Threat Defender uses behavior-based correlation, also called inline real-time correlation, to analyze traffic and correlate events across multiple traffic flows. The single-pass correlation and policy engine of Threat Defender correlates current traffic flows as well as historical information from previous flows. Based on the detected behavior, granular multi-level policy rules can be created and dynamically executed.

Attacks are often hard to detect as attackers hide in seemingly harmless communication to prevent detection by network security systems, such as next-generation firewalls. The only way to detect such threats is to analyze the behavior of the network to spot subtle changes in the communication.
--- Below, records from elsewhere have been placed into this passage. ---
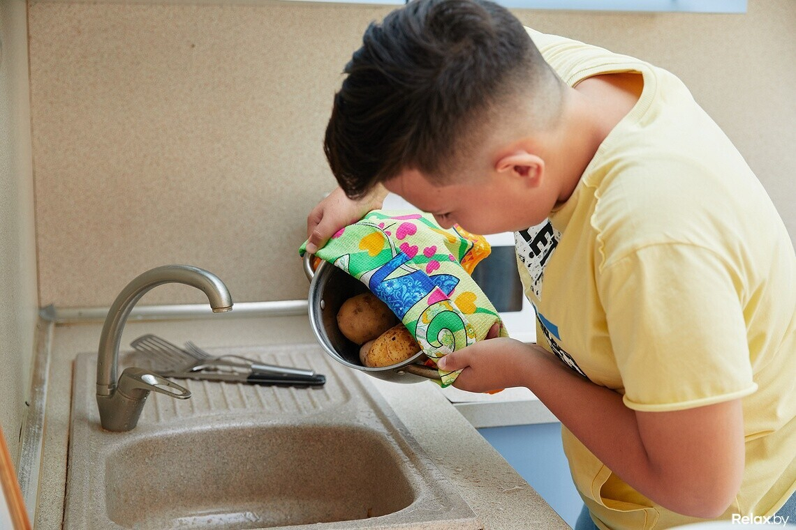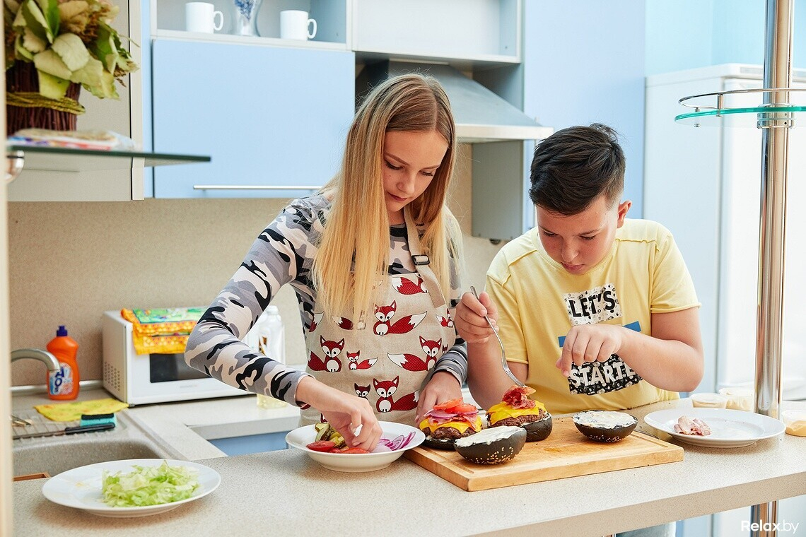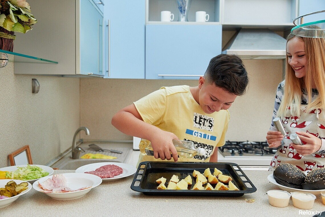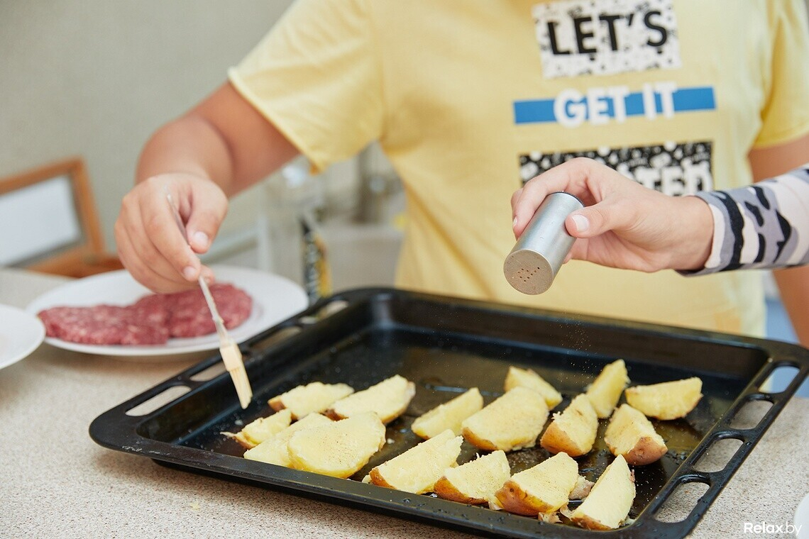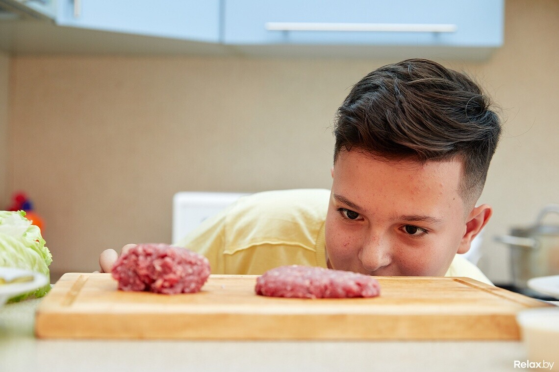 — Я готовлю лучше всех в семье, — уверенно заявляет Даник. — По сути, нам с Алесей нужно будет всего лишь помыть и нарезать овощи, пожарить бекон, котлеты, запечь в духовке картофель. Это легко, справимся!
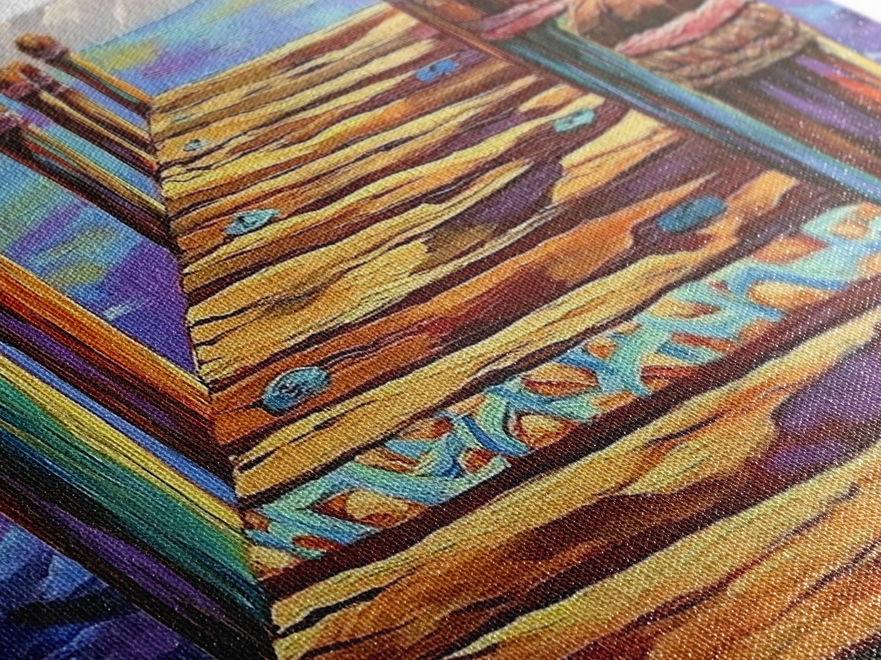 Most of our canvases are made in the USA, with the exception of canvases ordered with the light oak unstained frames, and any large canvases (24x48, 30x60, 16x48 and 20x60) ordered WITH a frame. These are temporarily made in and shipped from Europe, while we try to find a more consistent supplier in the USA.
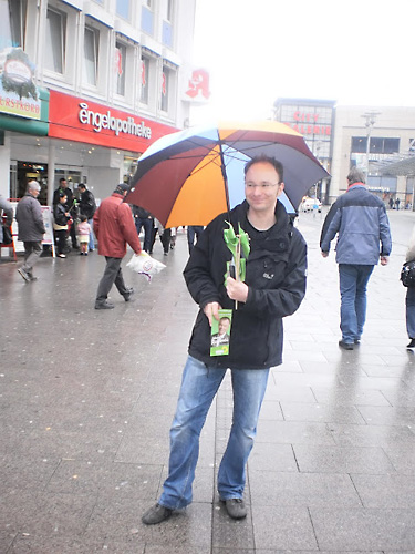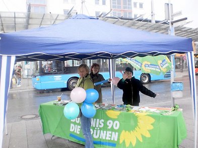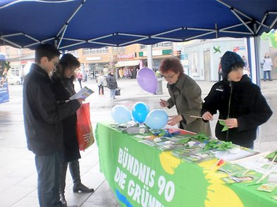 Mit guter Laune und Kuchen lief die Plakat-Aktion der Siegener Grünen für den Landtagswahlkampf am Wochenende an.
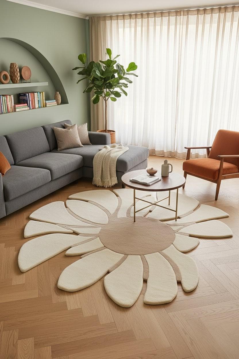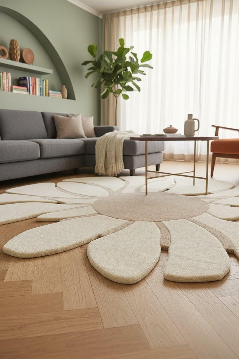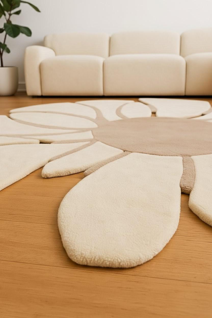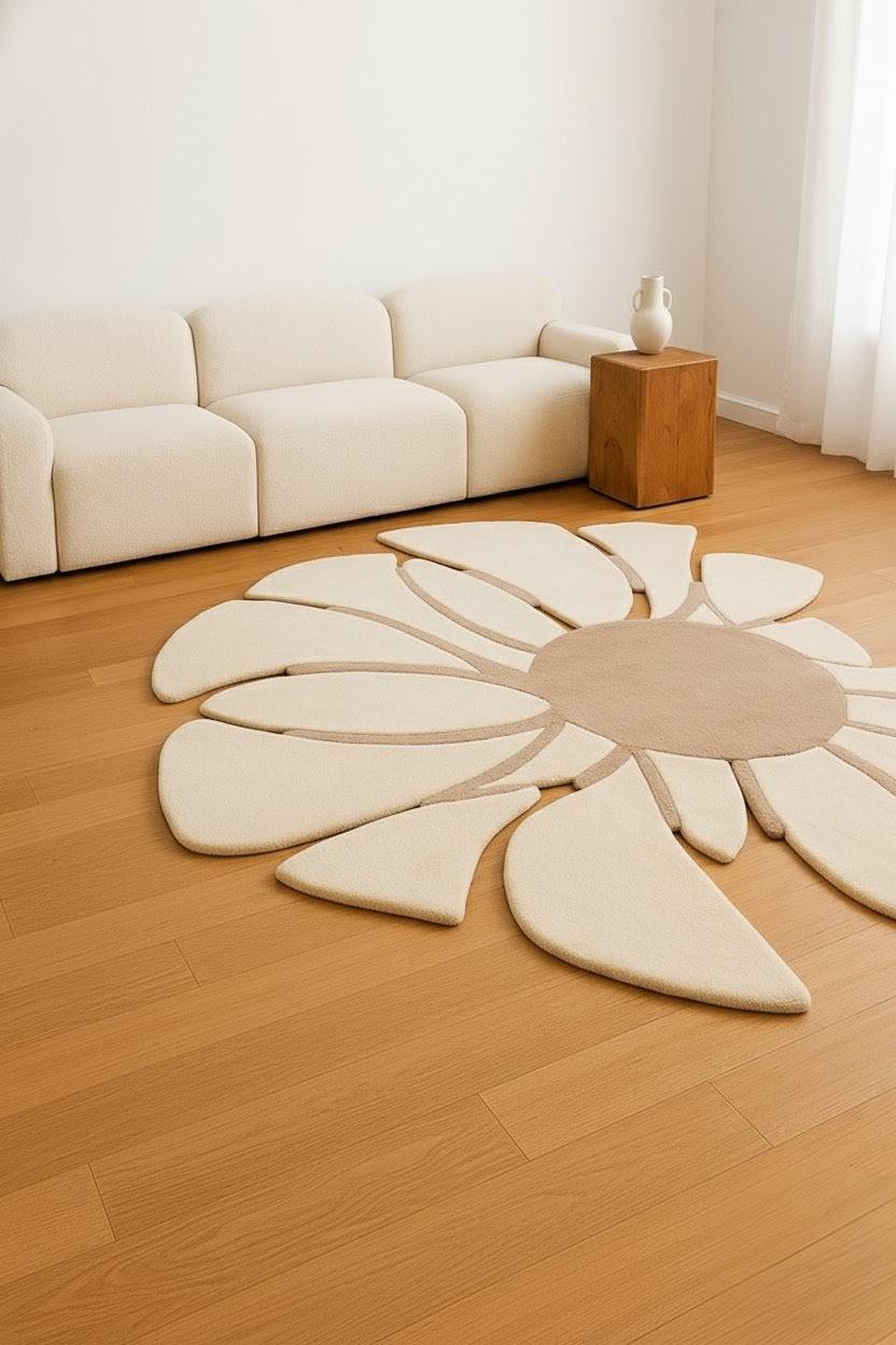 🔑 SEO Keywords: daisy flower rug, handmade wool floral carpet, modern flower area rug, hand tufted daisy design, custom size wool rug, luxury wool decor
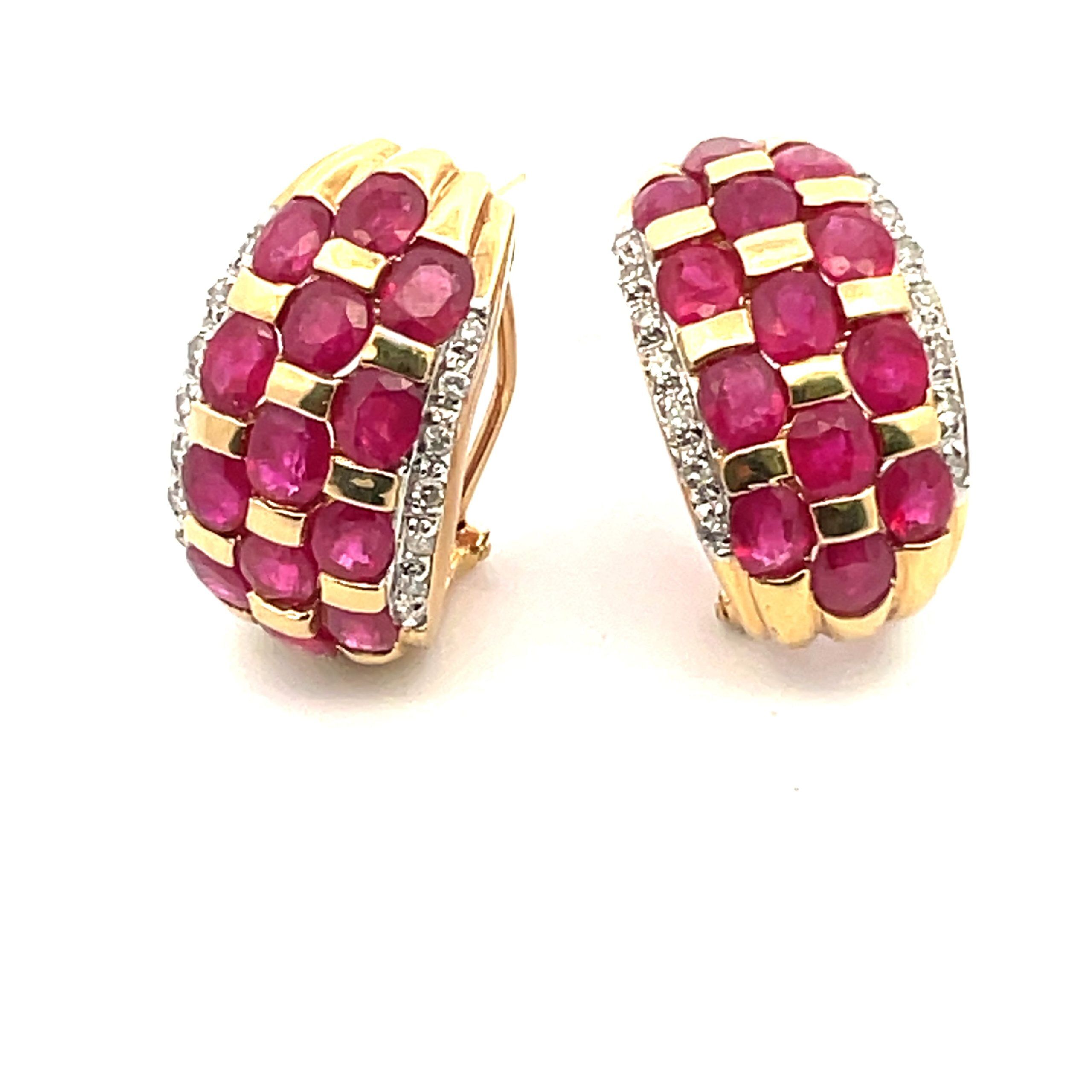 Vintage ruby and diamond bombé half-hoop earrings are set with approximately 10 carats oval faceted rubies and 0.50 carats tw diamonds, in a 14K yellow gold curved earring, circa 1950’s. Measures 1/2″ x 7/8″ long.
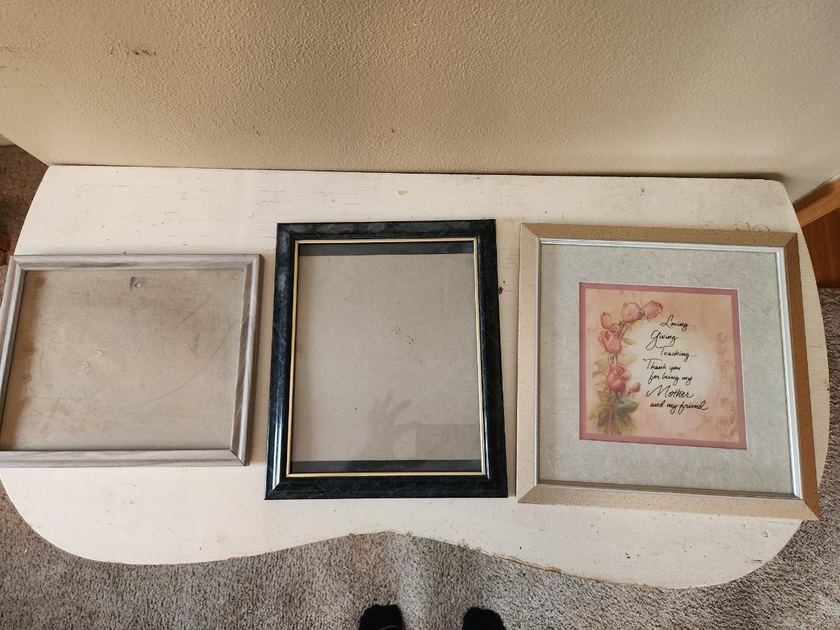 3 picture frames and Hanging campfire wall art.
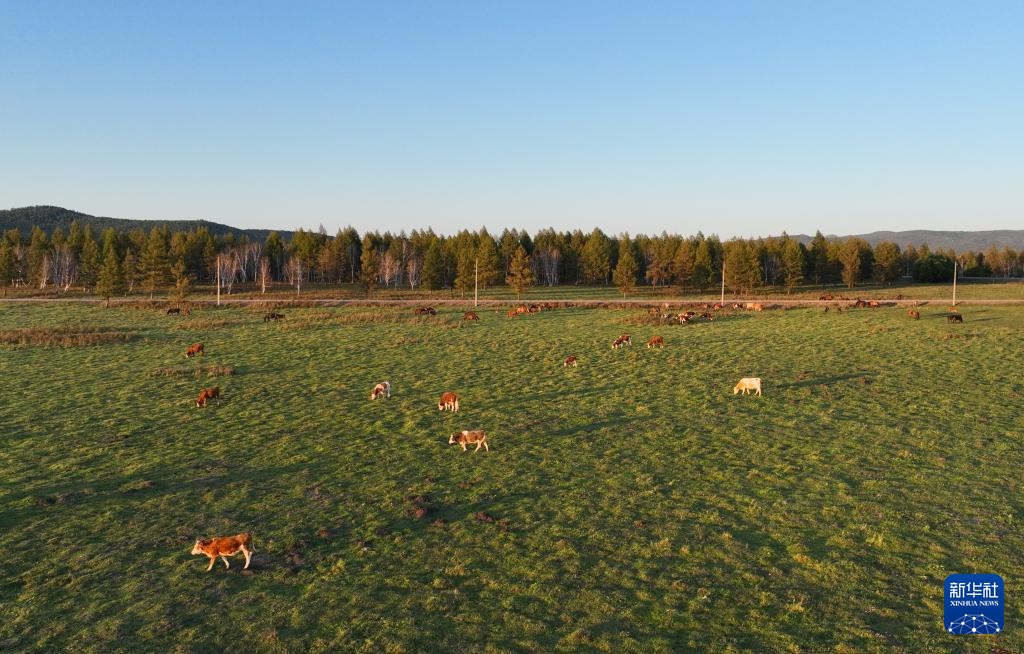 9月7日拍摄的阿尔山国家森林公园内的牛群(无人机照片)。
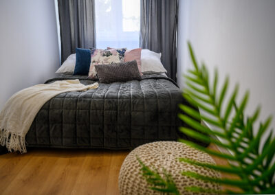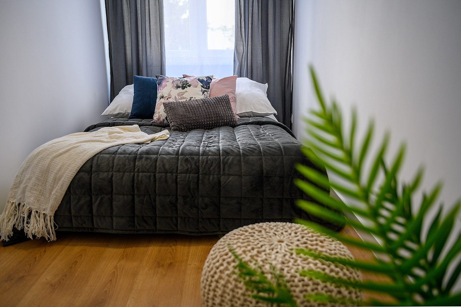 Mieszkanie przy ul. Piastowskiej 4 znajduje się na 3 piętrze z 4. Przestrzeń zaaranżowaliśmy tak, aby na 32 m2 zmieściła się strefa dzienna z wydzieloną kuchnią, łazienka, ale też osobna sypialnia.
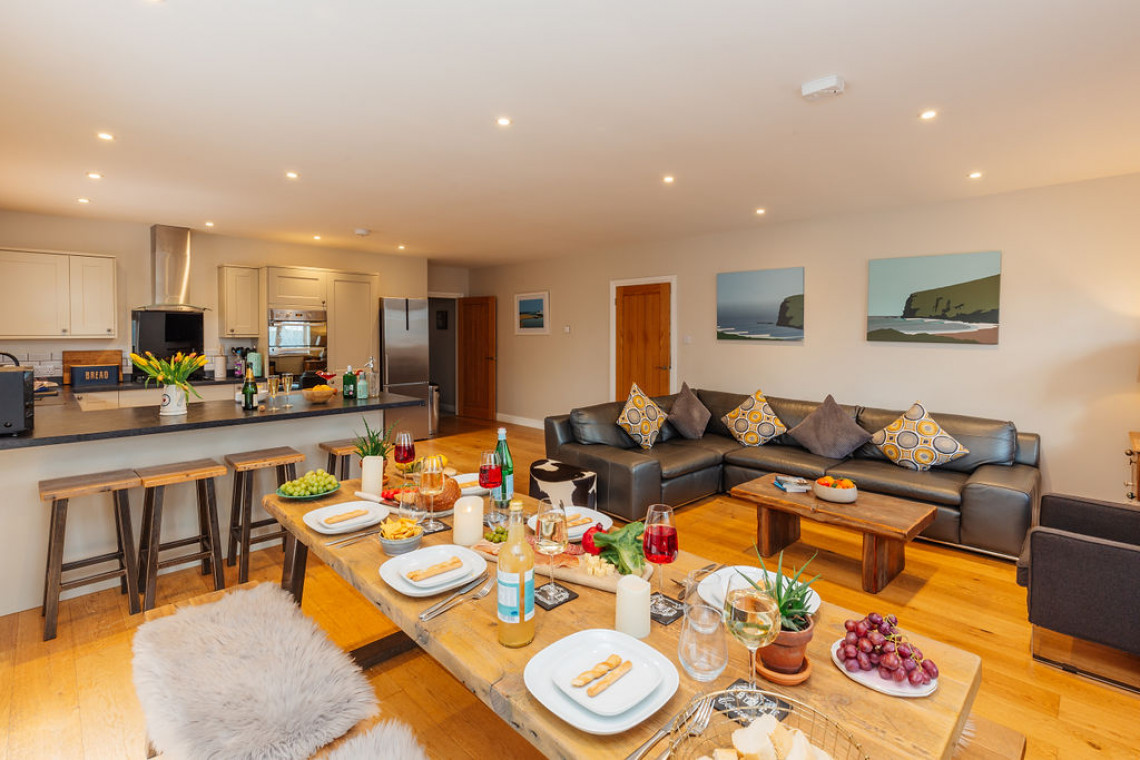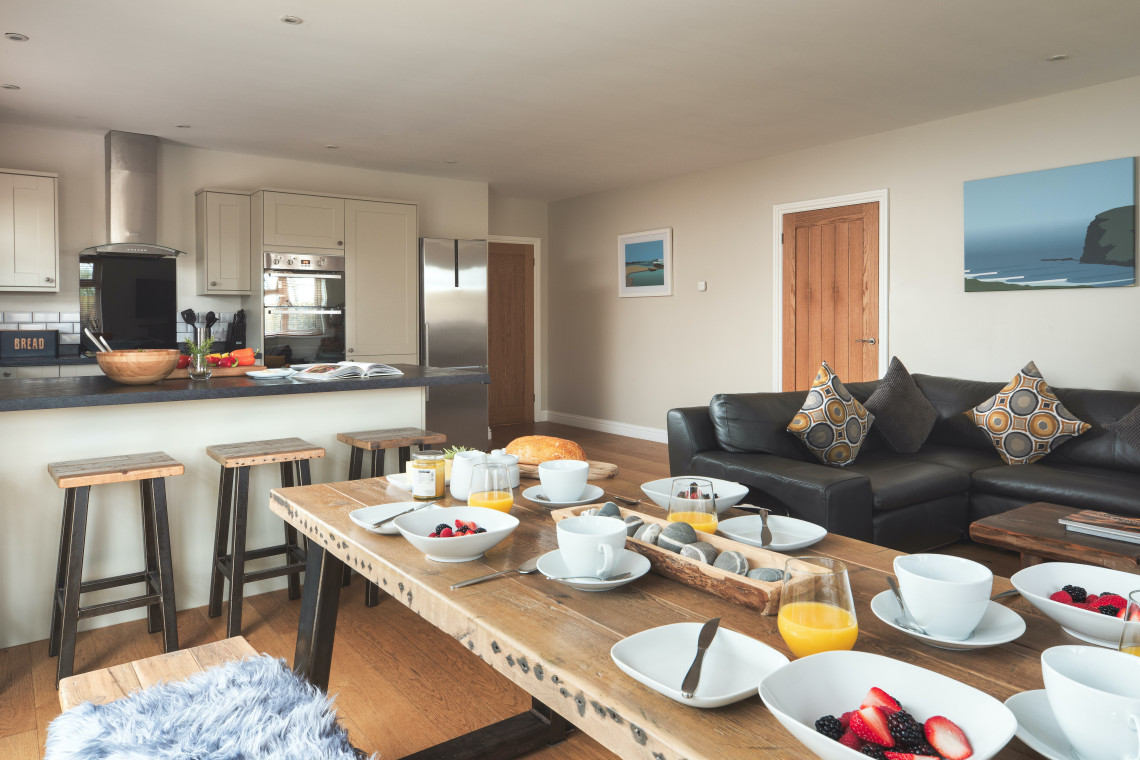 For the humans, Gwelmor has two king size bedrooms (one en-suite), a twin room and a large family bathroom. The spacious, open plan kitchen/lounge/diner is a great place for the family socialise together and has sliding patio doors which lead out to the garden.

Once relationships between seemingly unrelated events are discovered, they can be analyzed further to determine if they contain any threats or abnormal behavior which may indicate that the network is under attack.

1. The Approach of Threat Defender

Threat Defender correlates current traffic flows with historical information from previous flows. It expands the policy language to track attributes of communication events. This means correlation takes place inline, inside the policy engine. Data is correlated in real time, i.e. the moment it is generated. Reactions to any identified threats are immediate and applied to the flow that triggered them.

To achieve meaningful behavior-based correlation, the policy and correlation engine enriches each flow with relevant information extracted from the data, such as basic layer 2-4 attributes but also information on layer 7 protocols and applications, IPS events and IoC/IoA events.

The behavior-based correlation of Threat Defender is implemented using an in-memory database. This database contains event tracking tables, which store combinations of attributes and track the properties of communication events across traffic flows and over time. The expanded policy engine queries these tables and inserts entries. The entries in event tracking tables have individual retention times that are specified by the administrator. They are removed automatically when this timeout expires. This enables event tracking tables to track changes in the behavior of assets/users over time.

Using behavior-based correlation via event tracking tables requires at least two rules: One rule adds a pair of flow attributes (such as IP/MAC addresses, URLs, IDS hits, etc. ) to the table. Another rule evaluates the table: A counting condition counts the number of entries with the same attribute. A distinct counting condition counts entries with a particular timestamp. Rules can also query if a specific attribute pair is contained in the table; based on the result rule actions are carried out or not.

With behavior-based correlation, Threat Defender gives you the tools to build complex scenarios of multi-staged policies to detect similar or related events in all network flows, both in real time and historically (limited to the retention time of the event tracking tables). All scenarios are evaluated for each network flow and no traffic can pass Threat Defender without being handled by the correlation engine.

2. Example Workflow

The following is a simplified example workflow using behavior-based correlation:

  • Threat Defender tracks the network traffic using event tracking tables. You can specify what kind of traffic will be tracked by the indicating traffic source and destination, used protocols and applications, etc.
  • Threat Defender evaluates the entries in the event tracking table by comparing traffic to the events (an event is a combination of one primary attribute and its secondary attributes) stored in the table or by counting the number of events and/or attributes.

  • If Threat Defender identifies the specific behavior that is described by the correlation scenario, it performs the defined actions, such as adding the concerned hosts to a dynamic network object.

  • You can then enforce further rules on the hosts in the dynamic network object. For example, you can block their traffic, limit their bandwidth, isolate them from the remaining network, etc.